I definitely agree with the author: that there are very few "golden rules" in visualization, and that not depicting absolute numbers in a choropleth map is one of them. However, the author does an excellent job (with a bar chart and revised map) showing how this anti-pattern severely obfuscates how much the Hubei region is an extreme outlier.
That's even a bit of an understatement, because three infected in a city of millions can easily be an early stage pandemic whereas three infected in the middle of nowhere would just be a three very unlucky persons.
If you start moving to things like per-capita, i actually think that has the potential to be more confusing for more numbers of people.
so yes, absolute values will be highly correlated with population, but again it just depends on what you really want to highlight and communicate
Maybe you really do want the absolute value.
But I'm not sure how shading this by absolute totals – in which case, Wyoming and N.J. would be the same shade – would provide significantly more value? Sure, N.J.'s situation wouldn't be effectively invisible in the totals map, compared to the rates map. But now we have to imagine a scenario in which a person-to-person virus managed to sicken so many people (proportionally speaking) in such a large rural state compared to an extremely urban state. It's very hard to imagine a scenario in which we don't want to focus attention on Wyoming. For 10,000 Wyoming people to be infected – and only 10,000 affected in New Jersey – would almost certainly mean that the infection's original epicenter is Wyoming, and that someone from Wyoming had direct contact via travel with a New Jersey resident, (especially if Wyoming and N.J. are outliers in terms of absolute totals by state).
there is no objective right answer, and it's about intent of the communicator. in this case, rate may very well be what the intent needs to be.
The argument isn't that you never want to present absolute values.
The argument is that you never want to present absolute values on a choropleth map, explicitly because it always obfuscates the data in a way that is misleading.
The data in question should probably be in a table, if the idea is to be able to compare Hubei Province to the others. The bar chart makes the difference very clear, but it also makes it difficult to interpret the data for the other provinces.

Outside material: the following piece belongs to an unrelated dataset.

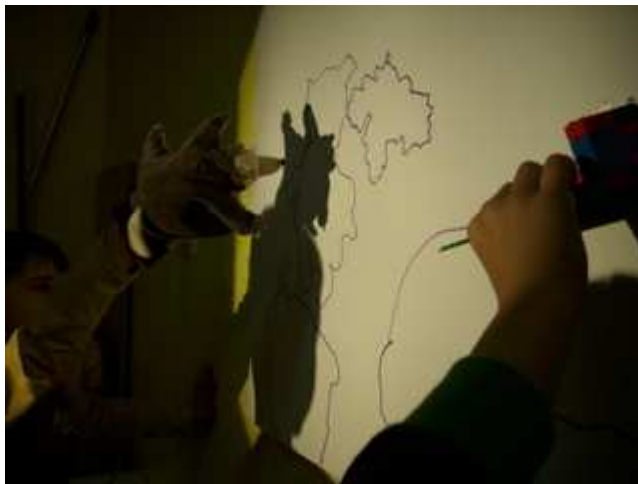
Slika 9: Obrisovanje in opazovanje senc

What for though? What can you tell from that value, other than the value itself?
You cannot tell whether it's common or rare, you cannot tell the risk of anyone in a certain area to be affected, you will have a hard time showing trends because people will react to the phenomena and avoid a certain high-risk area which will then result in fewer cases in that area.
"How many hosts does the virus have in which to mutate"
"How much will the global economy be affected by the cases in this area"
The majority of meaningful information received from such a chart right now is the presence or absence of the virus. Secondary is the number of cases to indicate the stage of spread (e.g. 1 suggests maybe an outlier, 2-10 suggests early stages of contact spreading, etc).
Communicating information with an inherently exponential growth rate is just entirely different beast.
For this reason I think the 3D projection graph is actually not as bad as made out. Sure, it's hard to tell anything about any of the other provinces compared to Hubei, but it really highlights the difference between there and other provinces.
To be willing to take on such an economic drain in order to do so makes it seem like they're treating the virus like a potential pandemic. Are the death rates for the current coronavirus outbreak substantially higher than the regular flu? What else am I missing here?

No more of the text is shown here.